Driftonaut October 11, 2012 at 2:05 am

Thanks for the interview, Ive been a huge fan of Nathans (and this site) work for a while, and this interview is very enlightening… Ive been hooked on his work since i saw Bonsai Sunday, being a dad also, moved me to get my act together and start filming my kids, my equipment isnt as rad, but its its the effort that counts, right? Stoked hes’ been abe to ignite a passion in video for me… Hats off Mr Oldfield…


Xabi October 11, 2012 at 2:14 am

Great interview, remarkable human being! Can’t wait to see the whole thing anaia.


tom October 11, 2012 at 2:25 am

Admire your life and your work Nathan.. so looking forward to your beautiful new film


andrew October 11, 2012 at 2:32 am

What a lovely human…


Lauren Hill October 11, 2012 at 4:36 am

Nathan is one of the sweetest humans on Earth. We are so fortunate to have his kind, compassionate, and loving voice in our surfing culture.
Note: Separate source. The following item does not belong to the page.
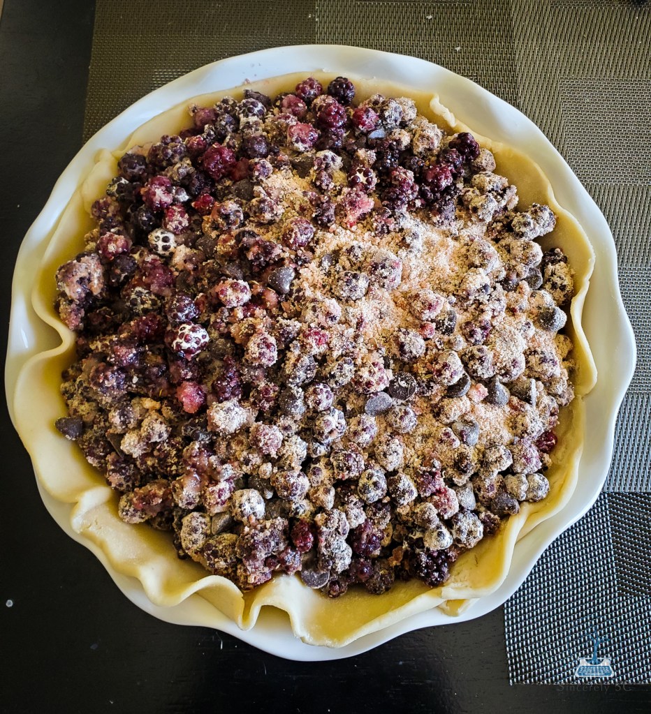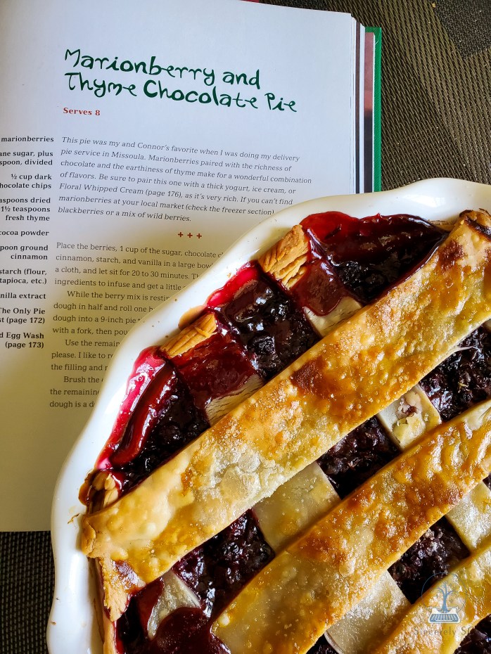 • As I mentioned I’d do in last month’s post, I baked a blackberry pie with our foraged wild blackberries from the cottage woods! I used the Marionberry Chocolate Thyme Pie recipe in Spencre McGowan’s cookbook, Forest & Home, but substituted the blackberries in place of the marionberries. The recipe was so quick and easy, and the pie was delicious! Sweet yet earthy, with the right ratio of chocolate to berry. There’s something amazingly special about baking with wild food that was growing in your own backyard. I really felt connected to the pie while baking it, through the connection I had with the berries and the land that so graciously gifted them to us. I watched these wild blackberries grow throughout the season, and watched the woods provide for them for years. That makes the pie taste even better.

His films and imagery are always a gift.


Andrew R October 11, 2012 at 5:57 pm

Great interview with a wonderful person. A true artist and a good mate! Surfers should always support film makers like Nathan.


Mark Nielsen October 15, 2012 at 6:39 pm

This guy is amazing, truly talented, and just down to earth and approachable. Great interview with a great human being.
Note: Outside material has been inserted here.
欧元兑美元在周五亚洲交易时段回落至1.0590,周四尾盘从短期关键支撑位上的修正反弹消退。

Daniel Stansfield-Smith January 24, 2013 at 6:01 pm

I’ve just finished watching this happy, joyful film. I have no doubt in my mind that this would have to be my favorite feel good movie I’ve seen. Watching people soaking up so many beautiful aspects of the ocean. My mind has been opened to more avenues that I can explore when I surf.
I would just love to know the names of the bands that were played in the movie because I cant find them anywhere.
I’m really looking forward to the next time I watch this film, it wont be the last. I’ll be sure to share its existence with many others.
Thanks Nathan.


Lucas February 27, 2013 at 4:30 am

What was the music playing in the background for the trailer?
Thank You


Mike March 23, 2013 at 10:27 pm

That was one of this worst surf movies I have ever seen. It was cliche. It was disengenuous. The music was nice, that’s it. If that took 3 years to make I feel bad for those who wasted their time. There was absolutely nothing unique about this film, including the surfing, so those of you who haven’t yet seen it, don’t waste your time or money.